Spark SQL analysis of the working principle and performance optimization

table of Contents

 

A: Spark Sql execution flow

Two: Spark SQL optimization of

Three: the problem to be solved


A: Spark Sql execution flow

1, SqlParse (SQL statements)
MySQL, the Oracle, Hive, etc., are the first execution plan a SQL statement

2, Analyser (analyzer)
after parsing logic program:
example: from table students => filter =  > select name
similar Tree structure

3, Optimizer (optimizer)
conventional Oracle databases, etc., typically generates a plurality of execution plan, the optimizer will choose from the best
example:
SELECT name from (SELECT from ...) = ... WHERE .. . 
found that where the same effect on subquery inside, and reduces the amount of queries, increasing efficiency = "this is the optimization

4, SparkPlan (spark scheduled task)
physical planning: what to read data from any file, from which several file association, etc.

image:


Two: Spark SQL optimization of


1, the degree of parallelism in the process of setting Shuffle: spark.sql.shuffle.partitions (SQLContext.setConf ())
2, the Hive data warehouse construction process, a reasonable set of data types, such as can be set to INT, do not set BIGINT. Reduce unnecessary memory overhead caused by data type.
3, when writing SQL, try to give a clear column names, such as select name from students. Do not write select * way.
4, parallel processing of query results: the results Spark SQL query, if a large amount of data, such as more than 1000, then do not disposable collect () Driver to reprocessing. Using the foreach () operator, parallel processing of the query results.
5, cache table: For a SQL statement that may be used more than once to the table, can be cached, use SQLContext.cacheTable (tableName), or DataFrame.cache () can be.
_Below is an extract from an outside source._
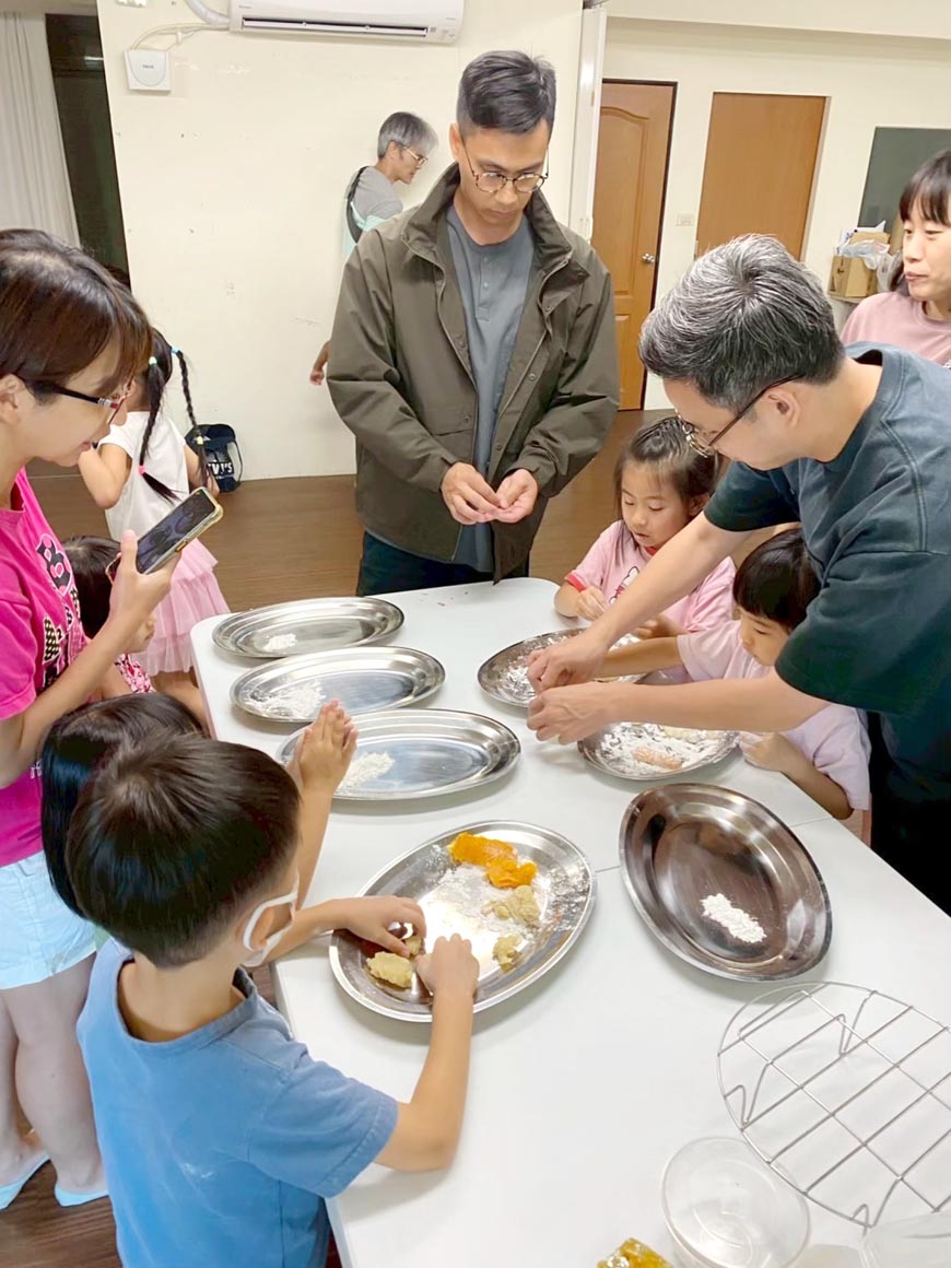 從2023年「招募」永康站萬萬老師,來到海安站帶來的科學料理課開始──讓孩子了解原來料理就是由一個個有趣的「化學反應」組成,課程一推出便獲得熱烈回響。到了2024年,冬、夏令營也加入了食育課程,帶著孩子認識五穀、肉品與蔬菜,辨識不同食材來源的差異;再讓孩子一起參與午餐備料,洗菜、捏肉丸,親手感受食材的樣貌與溫度。2025年,區委更邀請在地小農走進教室,帶著孩子認識農村生活與生態環境,最後再加上一場點心DIY,讓孩子從產地到餐桌,嚐到最簡單也最純粹的食物滋味。透過擔任綠食育志工,我也能跟著孩子們從《阿福種田》這本可愛的繪本中,了解到農夫的辛苦及不安,也感受到早期農村社會互相幫忙的人情味。來自佳里的農夫:映蓉老師,從一開始榨紅蘿蔔汁就與孩子們打成一片,也利用圖片、聲音讓孩子更能感受田中生態。活動中端出的DIY「米糕」,雖然小小的出槌(沒有熟透,趕快再加熱),但拿到米糕的孩子還是興高采烈地壓模、塑形、當黏土玩,除了有各式各樣的白兔及紅蘿蔔外,竟然還捏出雞母蟲的造型!更誇張的是,米糕香氣撲鼻,孩子們竟邊捏邊吃,作品完成也瞬間就吃完了,實在是讓身邊的大人們都笑彎了腰。
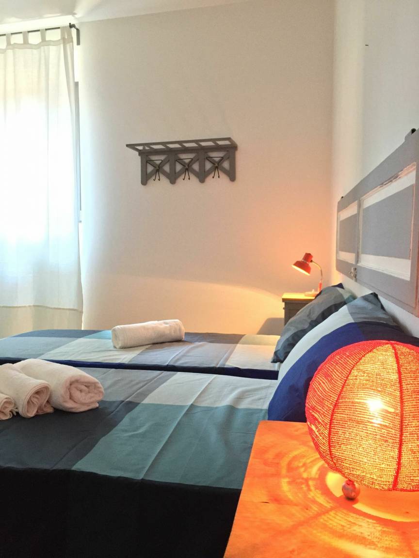 Schlafzimmer 2 (18 m²): zwei Einzelbetten (Breite: 80m, Länge: 190m), WiFi Internet, tragbarer Ventilator, Schreibtisch.

Spark SQL will cache table column with memory storage format. Then Spark SQL columns can be scanned only you need to use, and automatically optimize compression, to minimize memory usage and overhead GC. SQLContext.uncacheTable (tableName) may be removed from the cache table. With SQLContext.setConf (), provided spark.sql.inMemoryColumnarStorage.batchSize parameters (default 10000), may be configured to store the unit column.
6, broadcast join table: spark.sql.autoBroadcastJoinThreshold, default 10485760 (10 MB). In the case of enough memory can be increased in size, it takes up when a parameter table in the join, much less than the maximum, can be broadcast to optimize performance.
7, tungsten plan: spark.sql.tungsten.enabled, default is true, automatic memory management.

Three: the problem to be solved

1. The degree of parallelism reason, it is possible to enhance the efficiency, IO, data transmission reaffirms

2. clear memory, cache
  relationship of physical memory, why can optimize? ?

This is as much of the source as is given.